[![Open In Colab](https://colab.research.google.com/assets/colab-badge.svg)](https://colab.research.google.com/github/gdsaxton/GDAN5400/blob/main/Week%208%20Notebooks/GDAN%205400%20-%20Week%208%20Notebooks%20%28IV%29%20-%20Task%204%20-%20Fill%20Missing%20Values.ipynb)

This notebook provides a mini-tutorial on different ways of identifying missing data in the Titanic training dataset.

In [None]:
%%time
import datetime
print ("Current date and time : ", datetime.datetime.now().strftime("%Y-%m-%d %H:%M:%S"), '\n')

# Load Packages and Set Working Directory
Import several necessary Python packages. We will be using the <a href="http://pandas.pydata.org/">Python Data Analysis Library,</a> or <i>PANDAS</i>, extensively for our data manipulations in this and future tutorials.

In [None]:
import numpy as np
import pandas as pd
from pandas import DataFrame
from pandas import Series

<br>
PANDAS allows you to set various options for, among other things, inspecting the data. I like to be able to see all of the columns. Therefore, I typically include this line at the top of all my notebooks.

In [None]:
#http://pandas.pydata.org/pandas-docs/stable/options.html
pd.set_option('display.max_columns', None)
pd.set_option('max_colwidth', 250)
pd.set_option('display.max_info_columns', 500)

### Read in the Titanic Training Data

In [None]:
import numpy as np
import pandas as pd

train_url = 'https://raw.githubusercontent.com/gdsaxton/GDAN5400/refs/heads/main/Titanic/train.csv'
train = pd.read_csv(train_url)
print('# of rows in training dataset:', len(train), '\n')
train[:2]

# Fill in Missing Values for `Age`

Before we run our machine learning models we have to get the data ready to analyze, including identifying and fixing variables with missing values. Task 3 in the fourth coding assignment has the following requirements:

 Fill in Missing Values for `Age`
- The `Age` column contains missing values that must be filled before modeling.  
- Use the **median** age to replace missing values, as it is less affected by outliers.  
- After filling in the missing values, verify that `Age` no longer has any missing entries.  

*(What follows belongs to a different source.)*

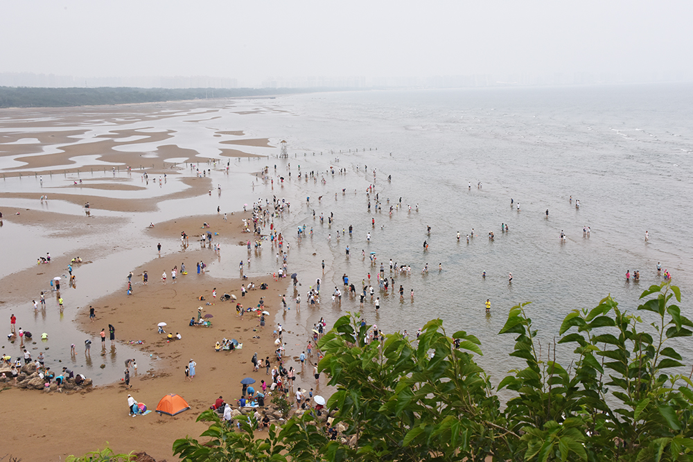 第四天 在秦皇島,品味鴿子窩的閑散靜謐 鴿子窩公園是北戴河的標志性景點,到北戴河必去的地方就是鴿子窩。我們剛到的時候這里正在閉園裝修,特別失望,以為到返回之前都不能進去參觀了,沒想到老天還是很眷顧我們的,在我們離開的前一天竟重新售票了! 一大早吃完早飯,我們便隨著人潮一起進入了公園,穿過一片青草地,躍然于眼前的是一片巨大的、開闊的沙灘海域——大潮坪。一行人迫不及待的拎著鞋光著腳沖了進去,淺淺的海水溫婉的拂過腳面,細細看去,竟然能看到許多小魚在四周游樂!海浪規律的卷起又落下,帶來無數蛤蜊、小蝦、小蟹,這是大海的饋贈,是生命的力量。

## Why Fill in Missing Values Instead of Dropping Data?  
Previously, we handled missing values by **dropping** rows or columns that contained them. While this works in some cases, dropping data can lead to problems:  
- **Loss of Information** – Removing rows with missing `Age` values means we lose other important details about those passengers.  
- **Smaller Dataset** – Fewer data points can make our model less accurate.  
- **Bias in Data** – If certain groups (e.g., older passengers) are more likely to have missing values, dropping them could skew our analysis.  

Instead of dropping rows, we can **fill in missing values** using an appropriate method.

---

## Step 1: Check for Missing Values in `Age`  
Before filling in missing values, let’s confirm how many are missing.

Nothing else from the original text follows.